Project Brief: A document prepared at the beginning of a project that outlines at a high level the key elements of the project including but not limited to: project team leads including the account manager, key stakeholders, project goals and any technical requirements, anticipated timeline and budget, a list of items that are “in-scope” and “out of scope”, and any other relevant information that would help new people coming onto the project get a clear sense of what the project is about.

Project Kick off activities: workshops. Find out who is the product owner, approve the project brief, define stakeholders and more.

Responsive Prototyping: Hi-fidelity HTML/CSS/JS prototypes demonstrate how key pages and components react in different browsers and devices.

Sketching: Collaborative exercises to envision content and layout concepts for key pages. The outcomes of sketching workshops often inform the following round of wireframes and low-fidelity prototypes.

Stakeholder Interviews: Conversations with key stakeholders helps us understand everyone's goals and challenges and how we might address them

Style Tile: Visual deliverable demonstrating typography, imagery, iconography and some component-like arrangements. A hybrid hi-fidelity mockup used in Responsive Web Design as an efficient way of demonstrating a website’s intended visual style and direction prior to implementation.
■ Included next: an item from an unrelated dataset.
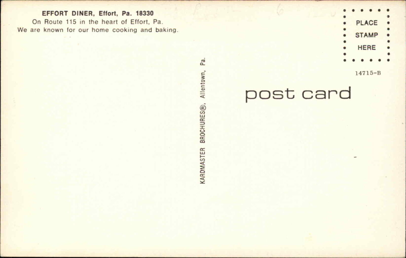 Effort PA Effort Diner Vintage Roadside Postcard

Usually includes the main header treatment, background and block colors, fonts, iconography and some component-like arrangements.

User Centered Design: In the user-centered design process, we are focused on the thing being designed (e.g., the object, communication, space, interface, service, etc.), looking for ways to ensure that it meets the needs of the user. The social scientist/researcher serves as the interface between the user and the designer. The researcher collects primary data or uses secondary sources to learn about the needs of the user. The researcher interprets this information, often in the form of design criteria. The designer interprets these criteria, typically through concept sketches or scenarios. The focus continues then on the design development of the thing. The researcher and user may or may not come back into the process for usability testing.

User Stories: End-user needs and desires, expressed as user stories that relate to specific personas.  User stories are an integral part of Agile methodology, informing the design and implementation processes.

User Testing: Also known as usability testing or user feedback testing, in which we observe how real users react to and use the product. From this type of testing we are able to identify potential usability problems before going to production (ideally even before implementation). When conducting user feedback testing, we want to put our designs (whether it’s a wireframe, an Invision mockup, or an HTML prototype) in front of the people who are most likely going to use the site or tool we’re building. If we are not able to recruit members of the primary audience type, we can test our designs with people who are in contact with our primary users and are sensitive to their needs (such as Customer Support agents and/or Sales reps).

Value Proposition: What makes you unique among your competitors? When people seek out an organization that offers something similar, what will they get out of working with you that they can’t get somewhere else? We work with you to understand and refine your main point of differentiation and the best way to express it.

Visual Style Guide: The visual guide for your organization, based on your value proposition and your “look and feel”. The logo fits within a larger identity system, which includes a set of fonts, a tagline treatment, rules for logo manipulation and placement, photography style, and other expressions of your brand for various media.

Wireframes: Low-fidelity mockups of key pages demonstrating components and content. The wireframes are often used to create clickable prototypes that allow for early usability testing before investing more time and resources in hi-fidelity comps or code.